When Cliffs Natural Resources late last year suspended activities associated with its proposed Black Thor chromite mine, Noront suddenly found itself the mining company “leading the charge” in the Ring of Fire, as MP Greg Rickford put it shortly before his appointment in March as Canada’s new minister of natural resources.

Alan Coutts, Noront president and CEO, this spring expressed hope construction of his company’s Eagle’s Nest mine for nickel, copper, platinum and palladium could start during next winter road season, and be operating by the end of 2017.

Noront reached an important milestone in that direction, he said, with the completion in December of a draft environmental report. The report is necessary to meet requirements for a provincial environmental assessment (EA) of the Eagle’s Nest project and for a related federal environmental impact statement (EIS). A draft version has been circulated for review and comment by the public and government agencies.

Available on Noront’s website, the massive report is organized in four volumes. The main EA/EIS report section, Vol. 2, runs over 865 pages. Even the table of contents is nine pages long. Other volumes of the report include a Cumulative Effects Assessment and an Environmental and Social Management Plan. Main points are presented in an executive summary, Vol. 1.

Noront notes in the report there are two key technological innovations proposed for Eagle’s Nest: the mine’s processing mill will be placed underground, as will all of its tailings and waste rock; and a specialized design will be used in building an all-weather road across muskeg to the mine. “These are unique approaches to mine development.”

Underground

From early in the design process for the Eagle’s Nest mine, Noront recognized working in a peat bog with little dry ground would require innovative methods, says Mark Baker, an engineer and Noront’s vice-president of projects.

For starters, Noront plans to set up the mine’s processing facility underground.
This has been done at mines in other parts the world, for various reasons.
“Mineral processing plants have been placed underground elsewhere … when conditions like avalanche risk have warranted it,” Baker says in written response to questions from Onotassiniik. “Mineral processes like grinding the rock into fine particles have also been moving underground to reduce the cost and time for hauling rock to a surface mill.” In the case of Eagle’s Nest, he says, “Noront decided to minimize surface infrastructure because limiting surface disturbance is important to local communities and non-governmental organizations.”

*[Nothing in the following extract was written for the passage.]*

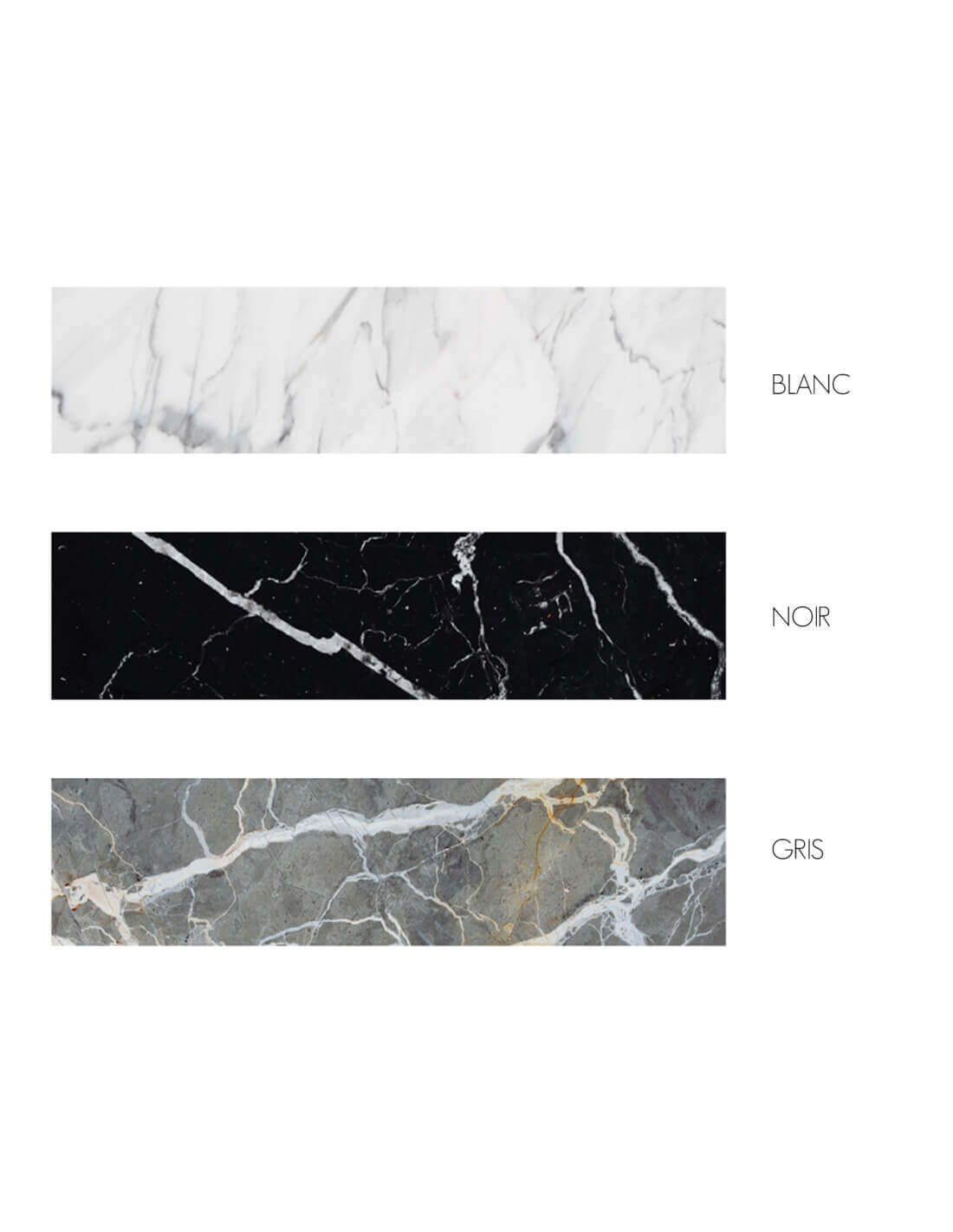 Plateau en marbre naturel : Disponible en finition marbre blanc veiné, noir intense ou gris texturé – chaque pièce est unique.

Even more unique is Noront’s plan to keep underground all tailings (waste material) from the process that upgrades the mineral concentrate. This hasn’t been done before, Baker points out.
It makes sense at Eagle’s Nest in part because at the surface there isn’t the rock needed for building roads, an airstrip or pads for infrastructure above ground, such as accommodation and office buildings. As a result, aggregate for these construction purposes will come from rock mined during the underground development. “Noront’s decision to mine the Canadian Shield rock in underground caverns created space underground to hold all waste products (tailings),” Baker says, and makes unnecessary any surface tailings ponds.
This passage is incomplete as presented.